Sicherheits- und Gesundheitsschutzkoordination
Aufgaben, Pflichten und Mehrwert
Die Baustellensicherheit ist Verantwortung aller Beteiligter. Bei Großprojekten mit mehreren beauftragten Firmen auf der Baustelle sind Auftraggebende nach §3 der Baustellenverordnung (BaustellV) dazu verpflichtet, einen oder mehrere SiGeKo (Sicherheits- und Gesundheitsschutzkoordinator*in) für die Planung und Ausführung hinzuzuziehen. Ist die Bauherrschaft qualifiziert, kann diese die Leistung des SiGeKo selbst übernehmen.
Was sind die Leistungen des SiGeKo?
Aufgabe der Sicherheits- und Gesundheitsschutzkoordinator*innen ist es, einen Überblick über alle geplanten Baumaßnahmen zu behalten und diese im Hinblick auf die Baustellensicherheit zu prüfen. Hierzu werden etwa in der Planungsphase regelmäßige Sicherheitsbesprechungen einberufen, in denen Planende über erforderliche Maßnahmen aufgeklärt und Arbeitsschutzregeln für die Baustelle frühzeitig besprochen werden, um diese entsprechend in der Baustellenplanung, aber auch in der Ausschreibung und in den Bauvertragsunterlagen zu berücksichtigen.

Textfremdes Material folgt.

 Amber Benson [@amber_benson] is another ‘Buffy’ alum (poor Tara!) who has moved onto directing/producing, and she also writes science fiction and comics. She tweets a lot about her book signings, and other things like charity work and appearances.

Während der aktiven Baustelle koordiniert der oder die SiGeKo zudem die Zusammenarbeit der verschiedenen Gewerke und gewährleistet die Einhaltung der allgemeinen Grundsätze nach §4 des Arbeitsschutzgesetzes und der Baustellenverordnung. Bei Planungsänderungen sollten SiGeKos möglichst schnell informiert werden, um mögliche Gefahrensituationen zu vermeiden.
Neben den Planungsleistungen bieten die Koordinator*innen Unterstützung bei der Abstimmung mit zuständigen Behörden, etwa der Gewerbeaufsicht oder dem Amt für Arbeitsschutz.
Planungsphase:
- Vorausschauende Identifizierung möglicher Sicherheits- und Gesundheitsrisiken auf der Baustelle
- Maßnahmenplanung zur Sicherheit und Gesundheit der Beschäftigten nach §4 Arbeitsschutzgesetz
- Mitwirkend bei der Planung der Baustelleneinrichtung
- Beratung bei der Terminplanung
Ausführungsphase:
- SiGe-Plan weiterführend an Bedingungen anpassen
- Zuständigkeit für die Einhaltung des SiGe-Plans
- Koordination der Zusammenarbeit der Beteiligten hinsichtlich der Sicherheit und Gesundheit
- Planung- und Durchführung der Sicherheitsbesprechungen
- Sicherung des Grundstücks nach außen
Verantwortungen und Überschneidungen
Rechtliche Grundlagen
Während Bauunternehmen vorwiegend für den Arbeitsschutz verantwortlich waren und Architekt*innen insbesondere bei der Planung und Bauüberwachung für die Sicherheit hafteten – wenn auch nur eingeschränkt –, konnten Bauherr*innen ihre Verkehrssicherungspflichten weitgehend auf diese übertragen. Mit dem Inkrafttreten der Baustellenverordnung (BaustellV) im Juli 1998 wurden die Verantwortlichkeiten bezüglich der Baustellensicherheit neu zugeordnet und Bauherr*innen stärker in die Verantwortung gezogen. Bei Baustellen mit mehreren Arbeitgeber*innen muss in der Regel ein SiGeKo einberufen werden. Bei Großprojekten mit besonderer Gefährdung müssen zudem Vorankündigungen an die zuständigen Behörden erfolgen und Sicherheits- und Gesundheitsschutzpläne erstellt werden.
SiGeKos übernehmen dabei nicht die Verantwortungen der Bauherrschaft, sondern unterstützen viel mehr bei der Einhaltung dieser. Sofern nicht vertraglich festgelegt, sind SiGeKos nicht weisungsbefugt. Grundsätzlich haften diese nur dann, wenn sie einen Vertragsbruch begehen, oder gegen die Baustellenverordnung verstoßen und in diesem Zuge Schäden entstehen. Unternehmer*innen müssen weiterhin Sorge tragen, dass niemand durch die betriebene Baustelle zu Schaden kommt.